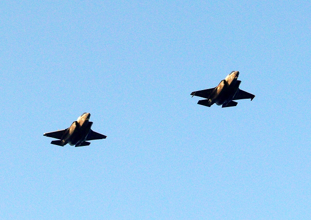 米海兵隊 F-35B ライトニングⅡ 戦闘機(岩国基地)、VK、09番機、11番機が2機編隊で帰還 |
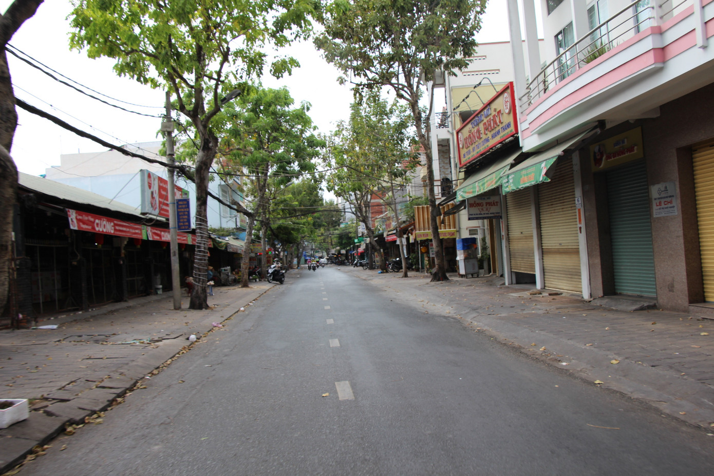 Đường phố vắng vẻ, nhiều cửa hàng ở bến Ninh Kiều đã đóng cửa.
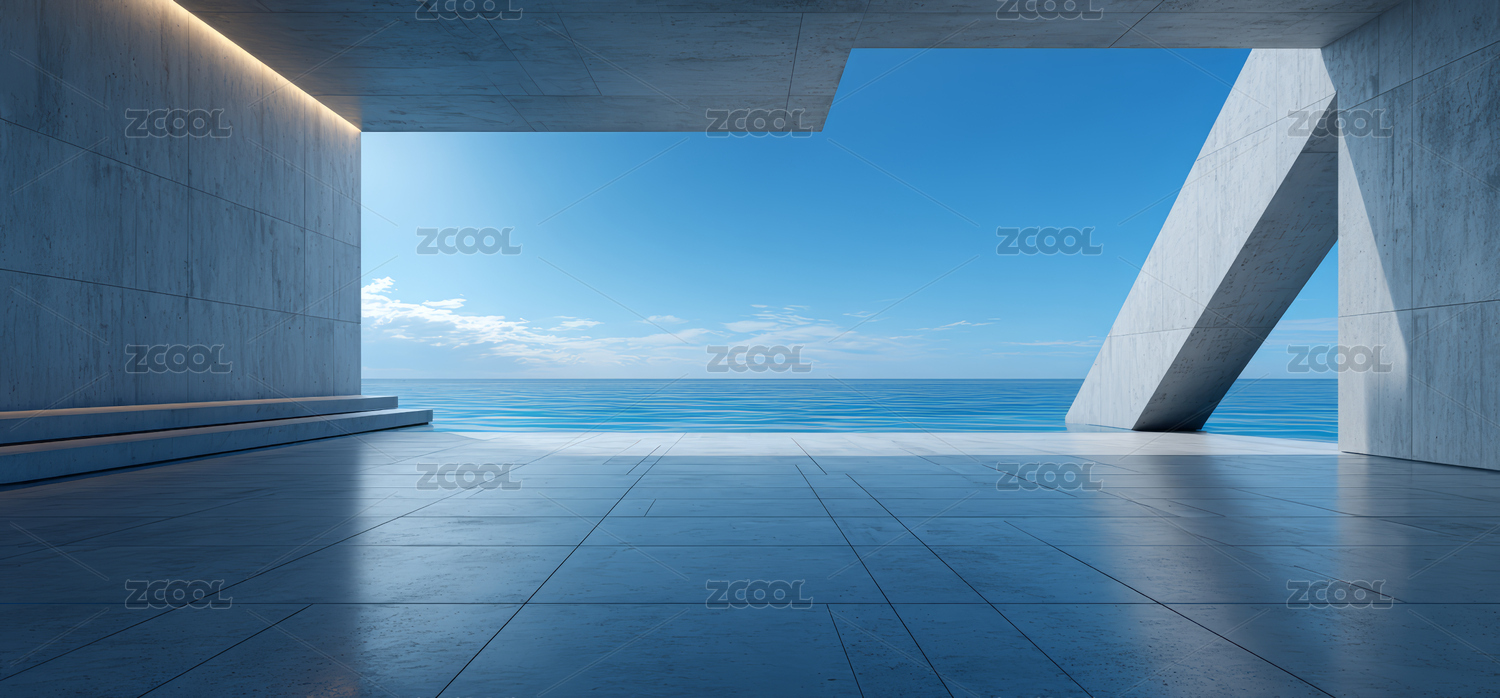 极简,建筑,空间,混凝土,结构,蓝色,天空,海景,光影,效果
----
> [Instructions for the task]:
Reproduce every line above as written, skipping pictures.

> [Result]:
 米海兵隊 F-35B ライトニングⅡ 戦闘機(岩国基地)、VK、09番機、11番機が2機編隊で帰還 |
 Đường phố vắng vẻ, nhiều cửa hàng ở bến Ninh Kiều đã đóng cửa.
 极简,建筑,空间,混凝土,结构,蓝色,天空,海景,光影,效果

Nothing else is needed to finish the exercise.